* TASK STATEMENT:
Each line of the data below between the one containing "Для начинки тщательно" and the one containing "ファッションの純色のリブの2", both included, is to be repeated exactly. Please omit pictures.

[RECORD SET]

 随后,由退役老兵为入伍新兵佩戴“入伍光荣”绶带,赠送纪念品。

[/RECORD SET]
[RECORD SET]

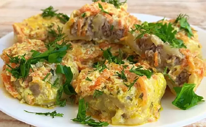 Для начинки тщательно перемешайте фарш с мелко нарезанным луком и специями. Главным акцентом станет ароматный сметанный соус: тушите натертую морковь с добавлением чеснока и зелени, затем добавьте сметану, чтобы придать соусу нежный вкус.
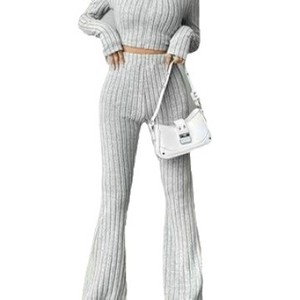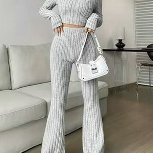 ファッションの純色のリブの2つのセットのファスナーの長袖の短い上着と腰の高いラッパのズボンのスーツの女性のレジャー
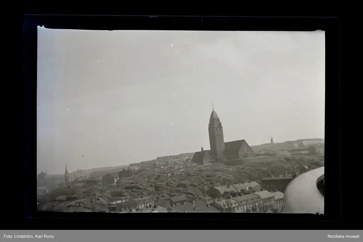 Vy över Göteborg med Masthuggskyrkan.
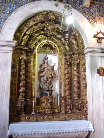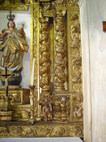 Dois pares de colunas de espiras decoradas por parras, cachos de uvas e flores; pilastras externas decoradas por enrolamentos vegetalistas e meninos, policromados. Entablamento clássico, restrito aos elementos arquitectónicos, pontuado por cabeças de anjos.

[/RECORD SET]
[RECORD SET]

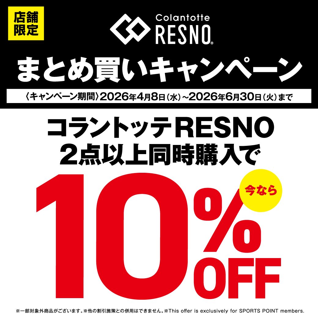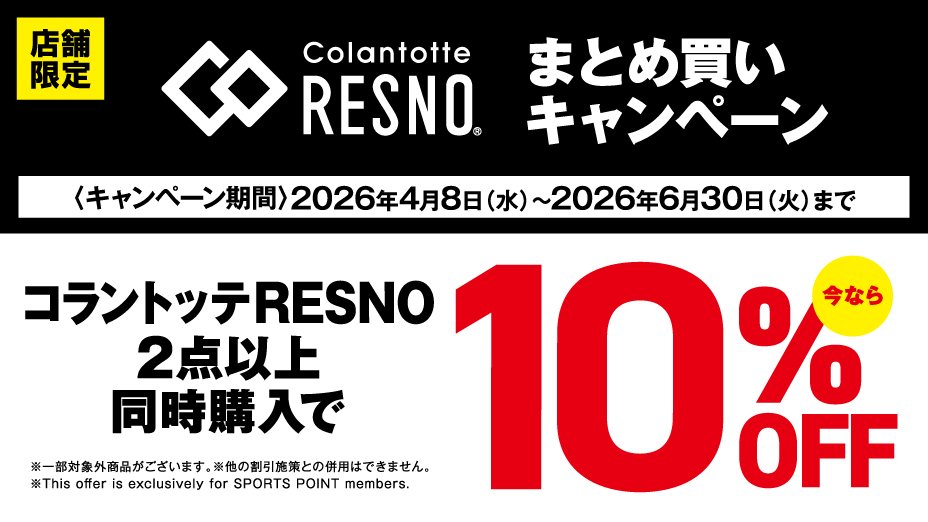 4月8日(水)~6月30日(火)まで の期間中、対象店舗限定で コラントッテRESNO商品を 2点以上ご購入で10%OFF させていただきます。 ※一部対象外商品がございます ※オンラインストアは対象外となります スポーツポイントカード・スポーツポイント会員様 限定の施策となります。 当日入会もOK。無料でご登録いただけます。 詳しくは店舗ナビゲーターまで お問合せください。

[/RECORD SET]

* PROBLEM SOLUTION:
 Для начинки тщательно перемешайте фарш с мелко нарезанным луком и специями. Главным акцентом станет ароматный сметанный соус: тушите натертую морковь с добавлением чеснока и зелени, затем добавьте сметану, чтобы придать соусу нежный вкус.
 ファッションの純色のリブの2つのセットのファスナーの長袖の短い上着と腰の高いラッパのズボンのスーツの女性のレジャー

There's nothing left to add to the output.